With some of this foundational work out of the way, I expect Home Assistant to move forward quickly to improve, and other projects can work off the same pieces if they desire to as well.

Here's their year-end post about it: https://www.home-assistant.io/blog/2023/12/13/year-of-the-voice-chapter-5/

should have clarified, I'm not looking for a home assistant, I'm looking for a voice assistant on my phone. either way super exited to see where they take this

I don't see how being home-assistant excludes it from working on your phone. The only difference is that your phone acts as the "satellite" rather than a stationary device.

I have been trying to get home assistant voice assistant to work in my kurbenetes cluster. The documentation is nearlynon existant for configuring it without using their dedicated core OS version with the addon store.

Second issue is the esphone $13 voice assistant setup they have, the integration requires a UDP port for every audio steam. Home assistant picks a random UDP port currently which sucks for kurbenetes, docker you have to set to host networking mode. Someone made a patch that allows you to specify your own range, but I haven't gotten it working with the patch yet. It looks like their maybe an issue with the esphone device not using the correct channel for the microphone so nothing is being recorded.

I don't know if it fits all the prereqs of a FOSS, but there's mycroft and there's also jasper

But I have no idea how advanced they are, or how good their 3rd party integrations are.

Mycroft is defunct

Source?

Probably for the best. They'd been spinning their wheels while sucking most of the oxygen out of the room for several years now. Time for somebody else to give it a go

Home assistant is getting into voice assistants. I'm considering getting a few to try jt out

I don't know Dicio, but I mean can you just leave the app open? Because that's essentially what the other assistants are, just devices with the app always open.

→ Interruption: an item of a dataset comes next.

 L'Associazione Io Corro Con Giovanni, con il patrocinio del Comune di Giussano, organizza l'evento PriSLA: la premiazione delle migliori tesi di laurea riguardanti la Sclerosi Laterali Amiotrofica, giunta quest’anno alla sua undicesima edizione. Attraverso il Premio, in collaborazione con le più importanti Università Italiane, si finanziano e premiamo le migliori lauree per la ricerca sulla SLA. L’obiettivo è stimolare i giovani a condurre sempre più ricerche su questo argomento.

If you can leave the app open, and it otherwise complies with your requirements, then we already have a FOSS voice assistant, it just doesn't have its own dedicated hardware yet. But if you would dedicate some hardware to it, like an old phone, then it could be largely equivalent.

There could be a software implementation that works perfectly fine on desktop PCs, especially Linux, but problem is hardware. I don't see commercial smartphone manufactures giving access to 'unauthorized uses' like foss projects usually go around.

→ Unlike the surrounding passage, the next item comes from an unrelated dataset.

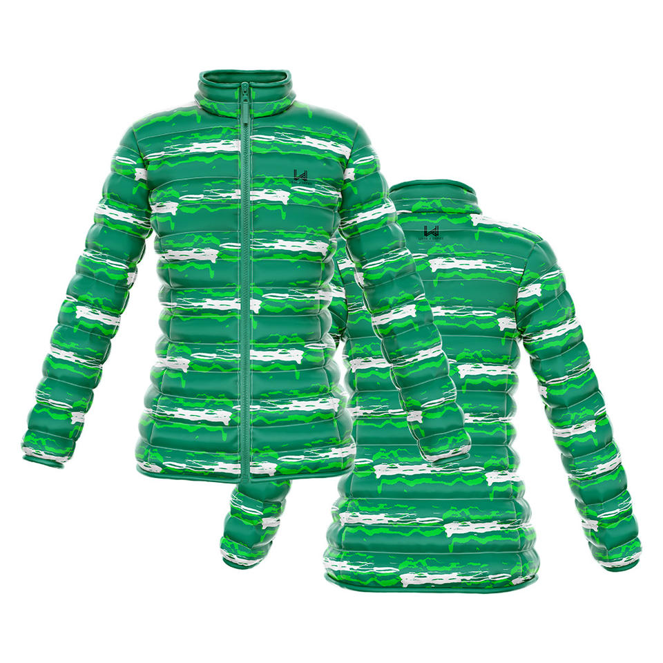 แจ็คเก็ตพัฟเฟอร์แบบมีซิปสำหรับผู้หญิง ดีไซน์แบบซับลิเมชั่นสั่งทำพิเศษ ผ้าแคนวาสพรีเมียม กันน้ำ ระบายอากาศได้ดี เหมาะสำหรับฤดูใบไม้ร่วงและฤดูหนาว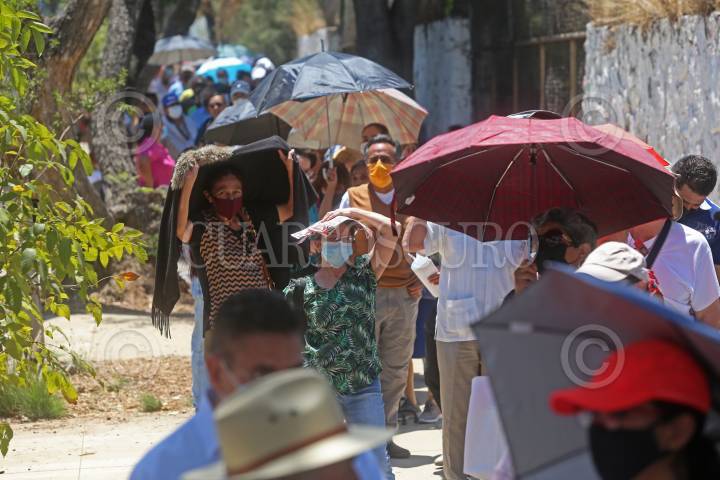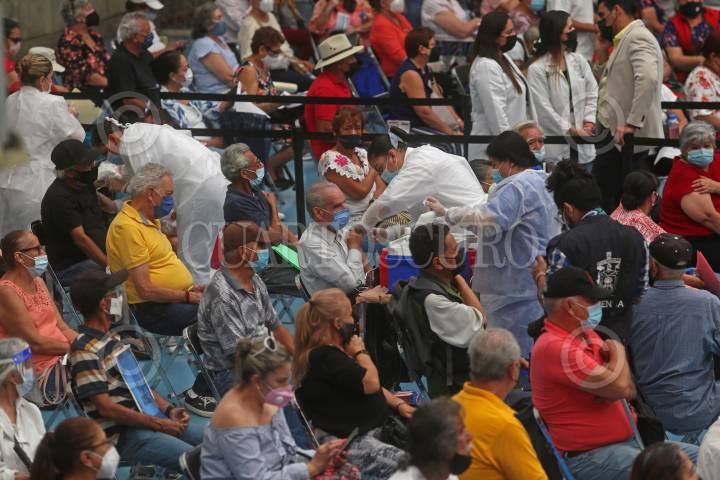 Personas de edad adulta hacen fila para que servidores de la nación revisen la documentación y posteriormente ser vacunados contra el Covid-19.

You're right. The 'open source' android phones are the perfect example. But FOSS needs to stop relying on these fascist hardware stack and opt for better open modular platforms. We have examples for such things - like the framework laptops or fairphones. It's somewhat tolerable for laptops. But we are still too far behind in terms of mobiles and desk boxes needed for these sorts of projects.

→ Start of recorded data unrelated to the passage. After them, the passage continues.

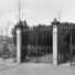 Naast de kerk het toegangshek tot het kerkhof met twee hardstenen hekpijlers,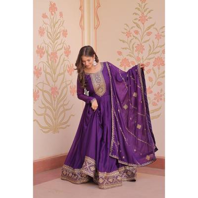 Želané dámske plne rozšírené šaty vyrobené z hviezdnych georgette látok a dizajnerskej vyšívanej dupaty s atraktívnym čipkovaným lemom, FARBA:- 4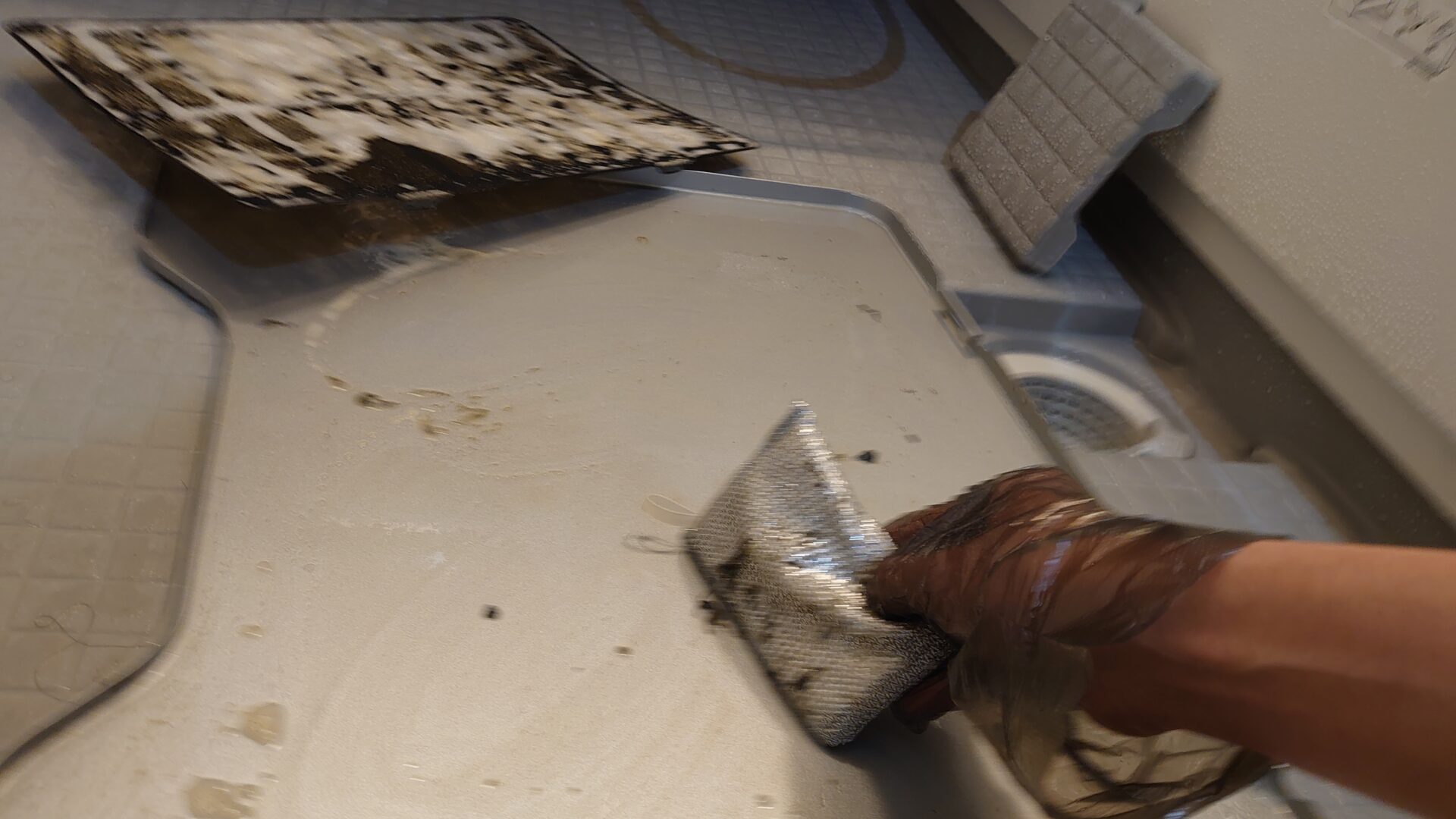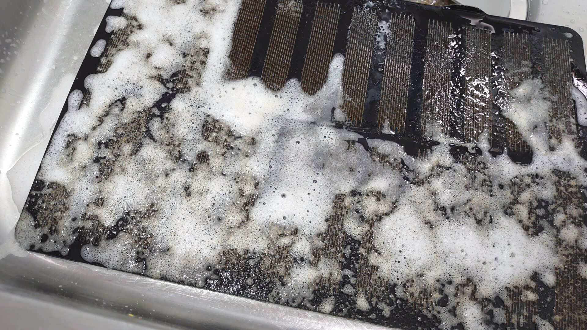 さっそく油の付着が一番ひどいフィルターを掃除していきます。表面にこびりついているのは埃単体ではなく、蓄積した埃に油が融合したギトギト系(もしくはネチャネチャ系)の油汚れです。こいつには食器洗い洗剤のような生半可なものでは全く効果がなく、今まで何個もスポンジをダメにしてきました。ですが今回は化学の力でなんとか乗り切りたいと思います!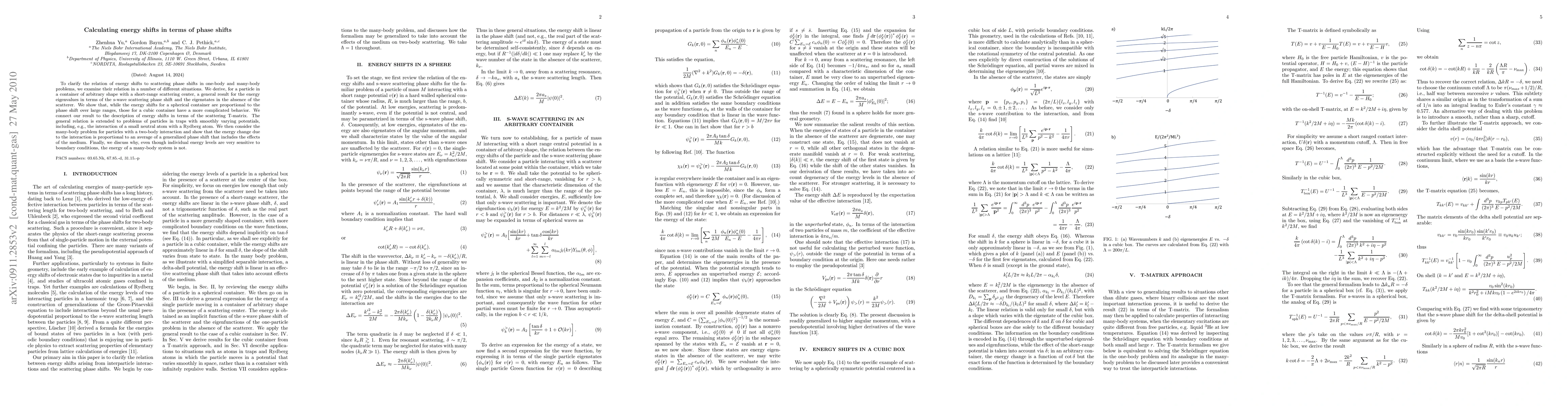 This paper explores the relationship between energy shifts and scattering phase shifts in both one-body and many-body problems. It derives a general expression linking energy eigenvalues to s-wave scattering phase shifts, showing complex behaviors for different container shapes and extending the analysis to interactions in varying potentials and many-body systems.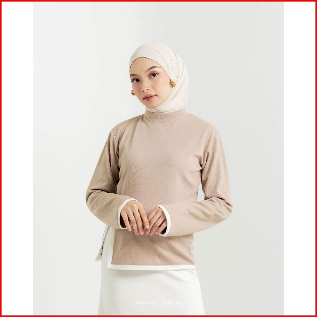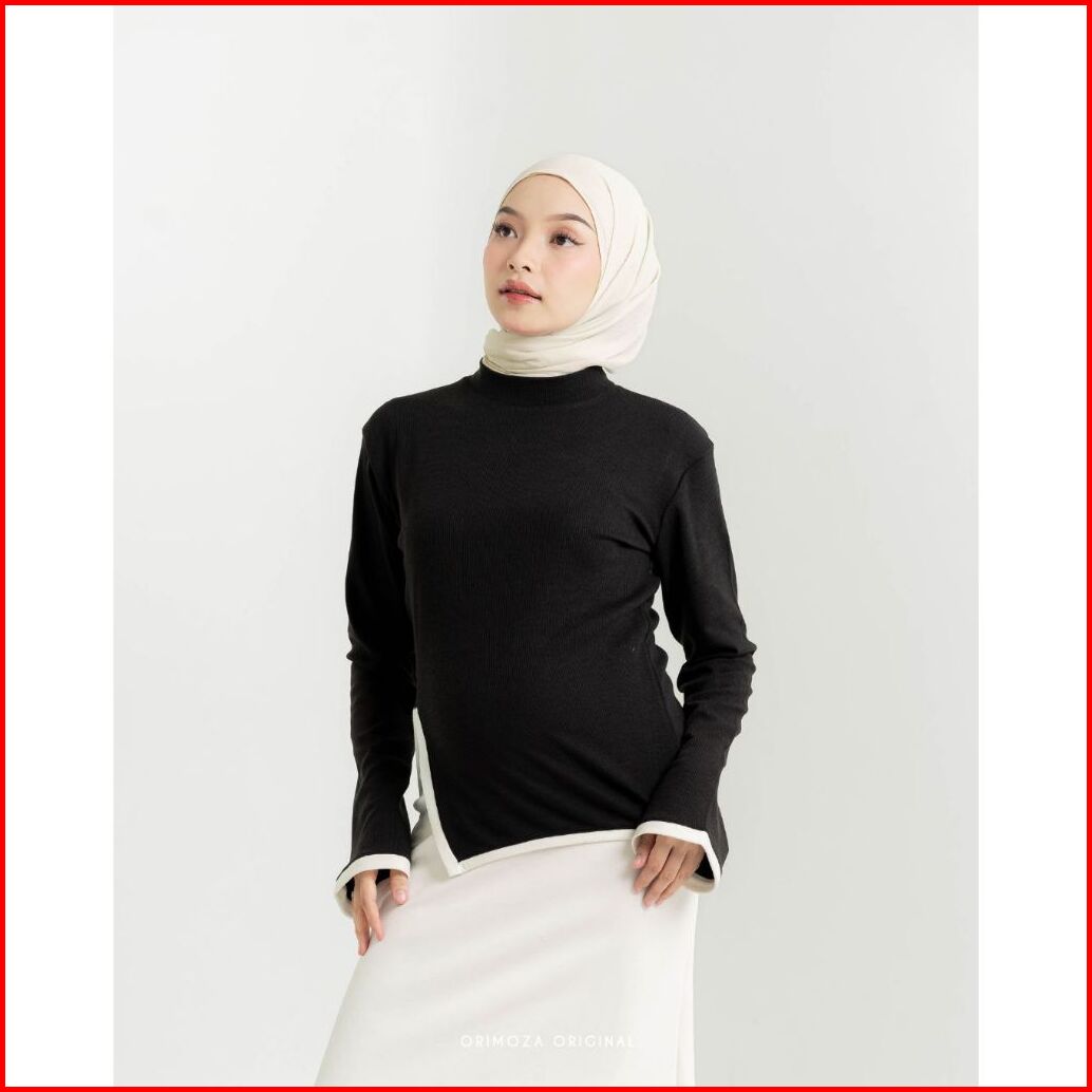 Orimoza Nola Blouse List Putih Belah Samping Bahan Snowrib

considering android allows you to actively change the default assistant it won't be a problem, we already have plenty of apps that use overlays that are foss so that's not an issue either, so I really have no idea what you think would be locked down here.

dicio is just kind of a clunky app

I'm using https://rhasspy.readthedocs.io/en/latest/ together with HomeAssistant which does what you describe. It combines a lot of different things into one nice UI, one of the things is listening to a wake word with help of one of those:

  • Raven
  • Porcupine
  • Snowboy
  • Mycroft Precise
  • Pocketsphinx
  • External Command

With some of them you can even train it to use your own wake word.

there is kinda, you can get koboldAI which is open source and get an actually foss model to run with it and slap the program kobold assistant on top of it

There is no reason why it should not exist other than the fact that there really is no interest. Except for a few uses here and there (driving for example), voice assistants are just gimmicks.

I mean, that's like your personal opinion and not some objective fact.

Not really. Even Amazon, Apple and Google have been investing in assistants less and less. They have had massive lay offs from voice assistant teams.

https://www-theregister-com.cdn.ampproject.org/v/s/www.theregister.com/AMP/2022/11/23/voice_assistants_fail/?amp_gsa=1&_js_v=a9&usqp=mq331AQIUAKwASCAAgM%3D#amp_ct=1704369199164&_tf=From%20%251%24s&aoh=17043691929854&referrer=https%3A%2F%2Fwww.google.com&share=https%3A%2F%2Fwww.theregister.com%2F2022%2F11%2F23%2Fvoice_assistants_fail%2F

https://www.bbc.com/news/business-64371426

"But it's not clear whether they are money-making opportunities. Reports say most interactions are relatively simple tasks like checking the weather, or playing music.

More broadly, according to one report, over the past three years voice assistant use has been falling and another report suggests that the adoption of smart speakers is slowing."

So no it's not just "my opinion". But sure just down vote and fuck off.

I mean, that only says something about the money making part and not the pure usability. For many people the commercial options are a gimmick, sure. But are these options, with a clear focus on milking the customers for money, really the ultimate state for voice assistants? I'd argue they are not. There is a space for free voice assistants that let users control their data and that still provide a value. Beyond users with disabilities that make it hard to impossible to use computers, voice assistants won't ever do something you cannot do with a computer (which includes smartphones). If that makes you consider them a gimmick then I don't have an argument. But I think it is nice and convenient to be able to use a computer with your voice while doing something else.

I think that that just means that there's not much point in developing them further. they're still great for the simple tasks, like texting while driving.

There’s one you can use with Home Assistant that works pretty well for home automation commands.

I’ve just found that I don’t really like using voice control for things…